I am deeply sorry for that. Auto replies with email get a little more complicated as the system is analyzing the message that is coming into you before formulating a possible response. So I have email systems that do this for me. And one common example for me is that our sales team here at our company will send me an email asking if I'm okay running a particular sponsors ads on my show. Now, normally I like to do research on my sponsors, so I'll take time to look

into things and then respond myself. But sometimes the request is for a sponsor I'm familiar with and I definitely want or you know, occasionally definitely do not want on my show, and I'll see on my phone that I have the option to pick a quick reply of something like sure or yes, that's fine, or something similar. In this case, the email program is using natural language systems and predictive text to suss out that there is a request and that the common responses I might make to

that request should be options. Now, it's not that the computer system actually understands the nature of this request, but more like the structure of a request. In other words, it's saying, this looks like it's a yes or no question. Let's present him with responses that are in a yes or no format.
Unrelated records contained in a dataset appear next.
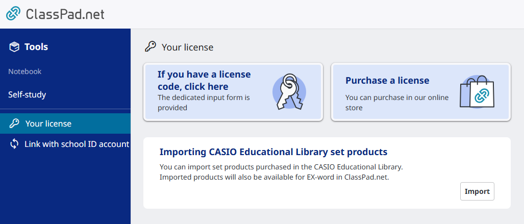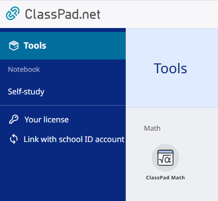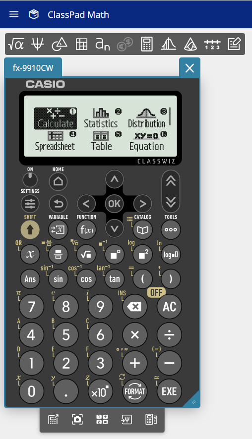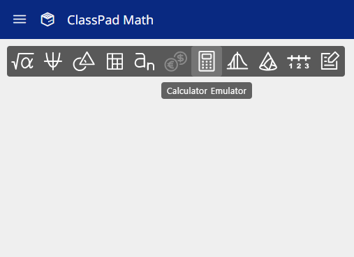 왼쪽 메뉴에서 Tools를 선택한 후 ClassPad Math를 클릭하면 아래와 같은 화면이 뜹니다. Calculator Emulator 아이콘을 선택하면 계산기 에뮬레이터를 켤 수 있습니다.
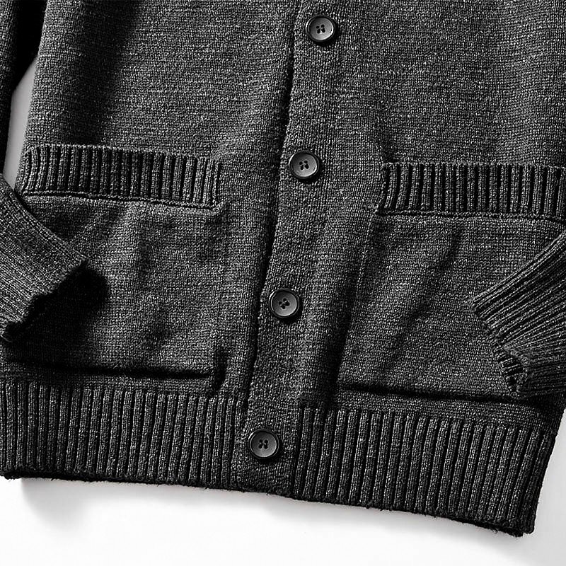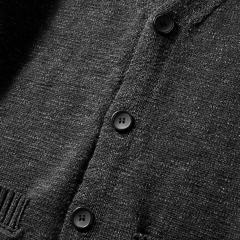 新品 ウール混 カーディガン ストレッチ ノーカラー 厚手 暖かい 秋冬 柔らかい Vネック 無地 メンズ ニットセーター 黒 T8105-2XL
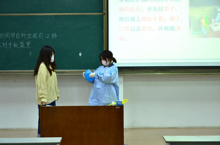 培训会第一阶段,袁铭泽首先从志愿汇APP使用注意事项切入,着重强调了个人信息完善的重要性。随后,他对志愿活动所需要的防护用品、北门登记快递信息两方面内容做出详细介绍,并邀请青年志愿者协会干事任佳向大家现场展示防护服、口罩、面罩、橡胶手套等防护物品的正确穿戴方法。
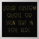 This real gold foil poster art features a text template in modern typography that easily allows you to add your own custom phrase, quote, saying, text, birthday wish, proverb, Bible verse, motivational quote, inspirational quote, funny quotes for kids, mom, dad, grandpa, grandma, boss, colleague, coworker, nurse, graduate, teacher and more. The font style here is in the theme of Art Deco, ideal for a wedding sign, notice or other.
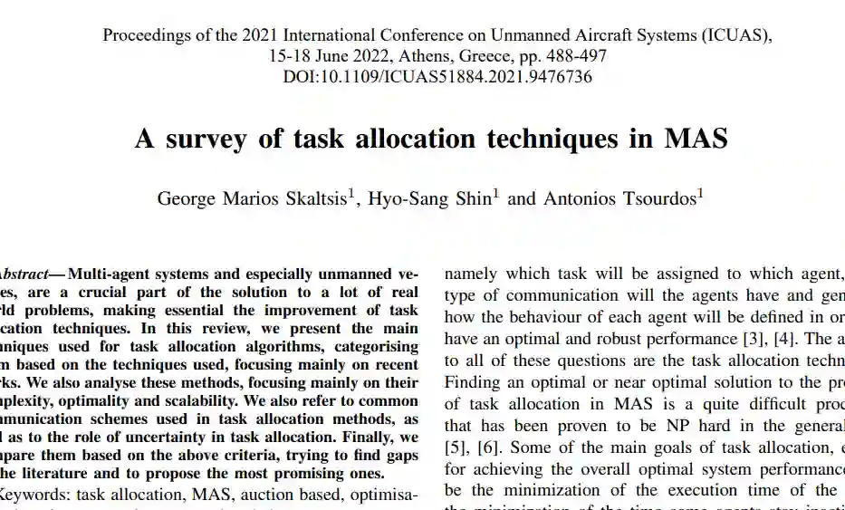 多Agent系统,尤其是无人驾驶系统,是解决很多现实问题的关键部分,因此必须改进任务分配技术。在这篇综述中,我们介绍了用于任务分配算法的主要技术,并根据所使用的技术对其进行了分类,主要侧重于最近的工作。我们还分析了这些方法,主要集中在它们的复杂性、优化性和可扩展性上。我们还提到了任务分配方法中使用的常见通信方案,以及任务分配中不确定性的作用。最后,我们根据上述标准对它们进行了比较,试图找到文献中的差距,并提出最有希望的方法。
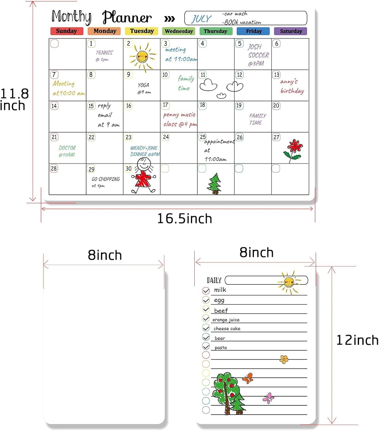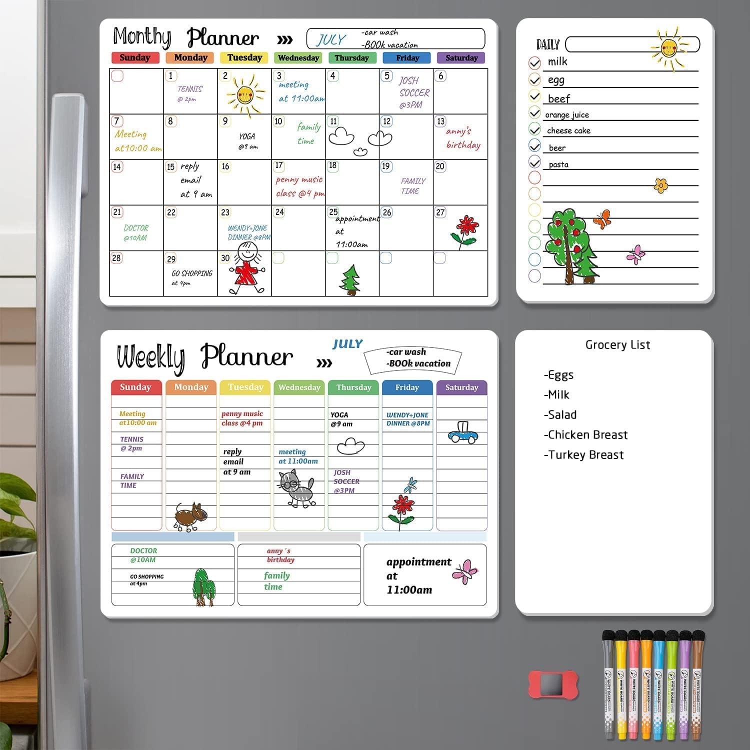 Hivillexun Magnetic Dry Erase Calendar Whiteboard Set (4-Pack) for Home and Kitchen, with Monthly and Weekly Views (16.5” x 11.8”), Magnetic Whiteboard and Daily Planners (12” x 8”) 8 Markers & Eraser
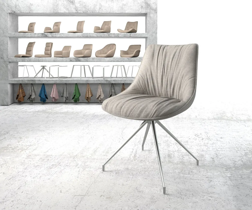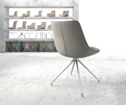 DELIFE Drehstuhl Elda-Flex Stripes Hellgrau Kreuzgestell Konisch Edelstahl 180° Drehbar

The fact that the system doesn't really have a deeper understanding can become evident in other use cases.

So for example, Janelle Shane, who is a research scientist and who has a delightful blog called AI Weirdness, took time to try and train a machine learning system to tell jokes. It became clear that the system could construct something resembling a classic question slash punchline style of joke. But it was also clear that the punchline rarely had any connection to the question. It actually reminded me a lot of how little kids like my two year old

niece tell jokes. These jokes are some of my favorite in the world, not because the jokes are inherently funny, but because they are absurd and they show how little children can recognize the structure, but not how to build an actual joke. My favorite of the AI generated jokes almost got it right, and it went like this, what do you get when you cross a dinosaur? They get a lawyer's I mean, that's that's almost a real joke.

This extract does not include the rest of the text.